Gemi su almaya devam ediyor: Şamil Tayyar, Bülent Arınç’a sataştı
AKP’li Şamil Tayyar, katıldığı televizyon programında Erdoğan ile ilgili gelen soruya “Beni kodese mi tıkayacaksınız” cümlesiyle sona eren bir fıkrayla yanıt veren Bülent Arınç’a yüklendi. Tayyar, “Liderine güvenmiyorsan, konuşunca kodese tıkacağını düşünüyorsan AK Parti’de niye duruyorsun?” diye sordu.
AKP MKYK Üyesi Şamil Tayyar, eski Türkiye Büyük Millet Meclisi Başkanı ve eski Cumhurbaşkanlığı Yüksek İstişare Kurulu Üyesi Bülent Arınç’a Twitter’dan yüklendi.
Bülent Arınç’ın katıldığı televizyon programında AKP’li Cumhurbaşkanı Recep Tayyip Erdoğan ile ilgili soruya manidar bir fıkrayla karşılık vermesine tepki gösteren Şamil Tayyar, “Yorumlardan, mesajlardan anlıyorum ki son twitim pek anlaşılmamış. Açalım o vakit. Muhtereme diyorum ki; liderine güvenmiyorsan, konuşunca kodese tıkacağını düşünüyorsan AK Parti’de niye duruyorsun?” ifadesini kullandı.
Yorumlardan, mesajlardan anlıyorum ki son twitim pek anlaşılmamış.

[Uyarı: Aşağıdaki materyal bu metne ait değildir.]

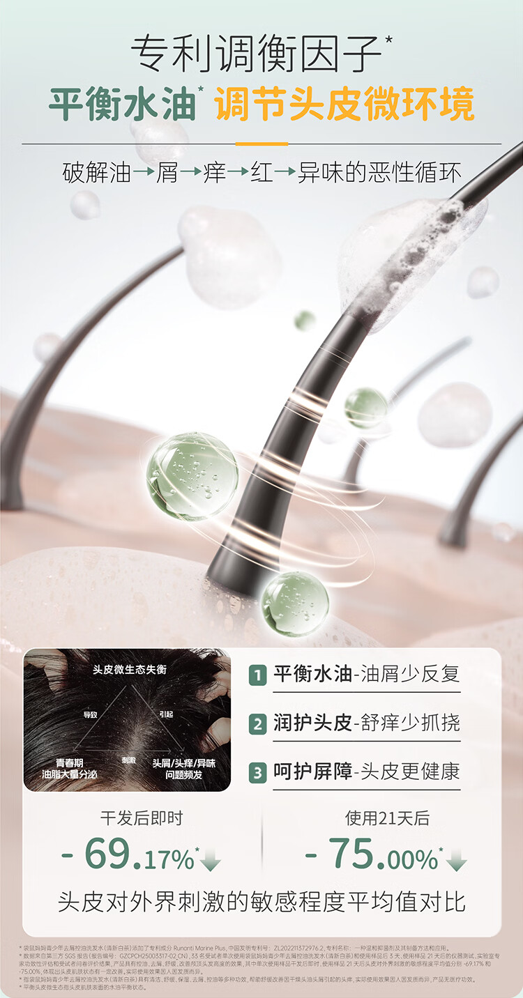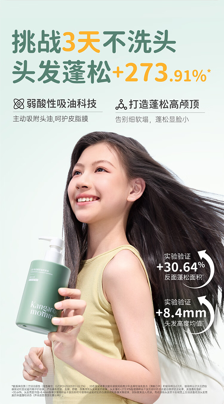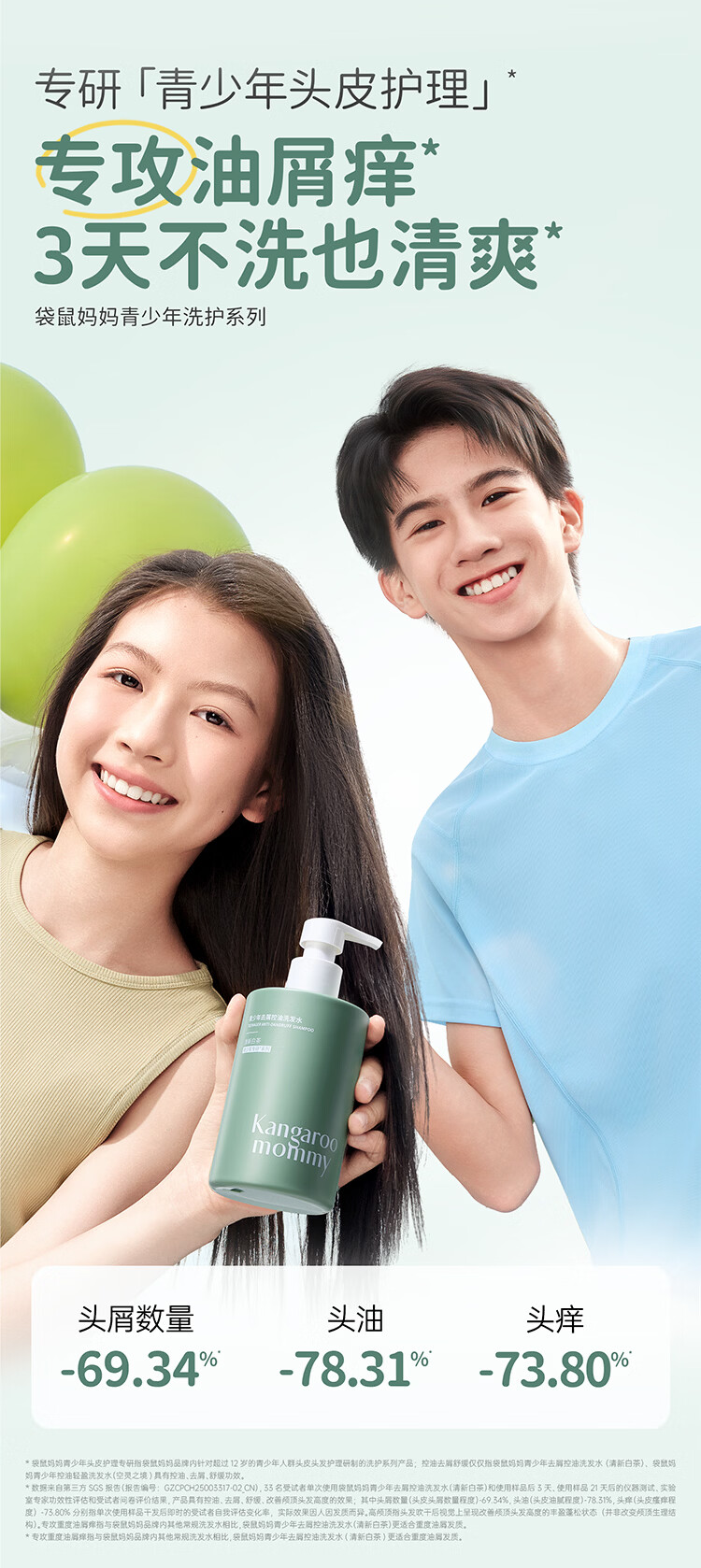 袋鼠妈妈青少年洗发水380ml 控油去屑12-18岁青春期男女孩专用
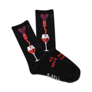 Pour Decisions Wine Glass Themed Socks for Women Our "Pour Decisions" socks feature a pattern of wine glasses and the words "Pour Decisions" in a fun and playful design. These socks are perfect for any wine lover and are sure to make a statement. Made with high-quality materials and construction, these socks are cozy and comfortable. Whether you're wearing them for a night out or just lounging at home, these socks are sure to add a touch of fun to your day. Grab a pair today to add a splash of red wine humor to your sock drawer!
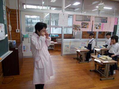 1年生は、とくに きゅうしょくの先生に まい日おせわになっているので、ちょくせつ お手がみを わたしました
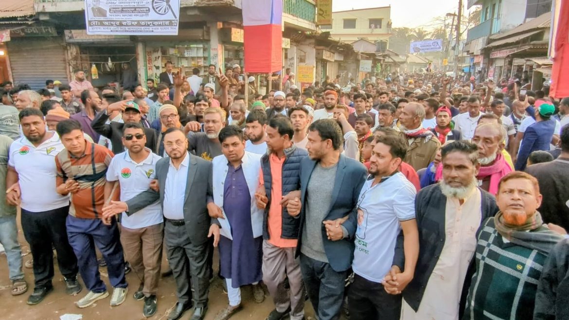 শনিবার (৭ ফেব্রুয়ারি) বিকালে বকশীগঞ্জ উপজেলার এনএম উচ্চ বিদ্যালয় মাঠ থেকে গণমিছিলটি শুরু হয়ে পৌর শহরের প্রধান সড়ক প্রদক্ষিণ করে। দুই উপজেলার প্রায় ৪০ হাজার নেতা কর্মী ও সাধারণ মানুষ গণমিছিলে অংশগ্রহণ করেন।

— Şamil Tayyar (@samiltayyar27) October 19, 2021
Açalım o vakit.
muhtereme diyorumki; ‘liderine güvenmiyorsan, konuşunca kodese tıkacağını düşünüyorsan AK Parti’de niye duruyorsun?’ pic.twitter.com/cMri3KCGDh
Tayyar, anlaşılmadığını söylediği tweetinde ise “Bir parti çatısı altındaysanız özgürlüğünüz disiplin kurallarıyla sınırlıdır. Parti disiplini içinde yapıcı eleştiri, meşrudur, demokratiktir. Kimi zaman sınırlar da zorlanabilir. Ama liderinize güvenmiyorsanız, konuşunca kodese tıkacağını düşünüyorsanız, o partide kalmazsanız” demişti.
ARINÇ’IN SÖZLERİ
Bülent Arınç, Erdoğan ile ilişkisine dair konuşmak istemediğini belirterek, “Bence bu büyüklerimizi konuşalım, bu program böyle gitsin, günümüze gelme... Geleyim de beni kodese mi tıkacaksınız demiş adam” dedi. Arınç, şu sözleri sarf etmişti:
“Bence bu büyüklerimizi konuşalım, bu program böyle gitsin, günümüze gelme. Adam Rize’de bir suç işlemiş de İstanbul’a getiriyorlar. Rize misalini vermeyeyim de yanlış anlayanlar çıkabilir. Samsun diyelim isterseniz buna. Rize ve Trabzon’un dışında bir il olsun ki birileri huylanmasın. Anlat bakalım şu olayı diyor, karşısındaki adam. Çıktık diyor, ‘bir fırtına, bir fırtına, bir fırtına… Sonra… E işte bir fırtına…' Gel bakalım İstanbul’a doğru falan… O fırtınayı da atlattık, başka bir limana geldik, bir fırtına daha başladı, şu oldu, bu oldu. Artık İstanbul’a gelemeyince iki saat boyunca, ‘yahu sadede gel'… ‘Geleyim de beni kodese mi tıkacaksınız?' demiş adam… Biz bu büyük insanlarla, güzel insanlarla birlikte bugünkü sohbetimizi bitirelim.”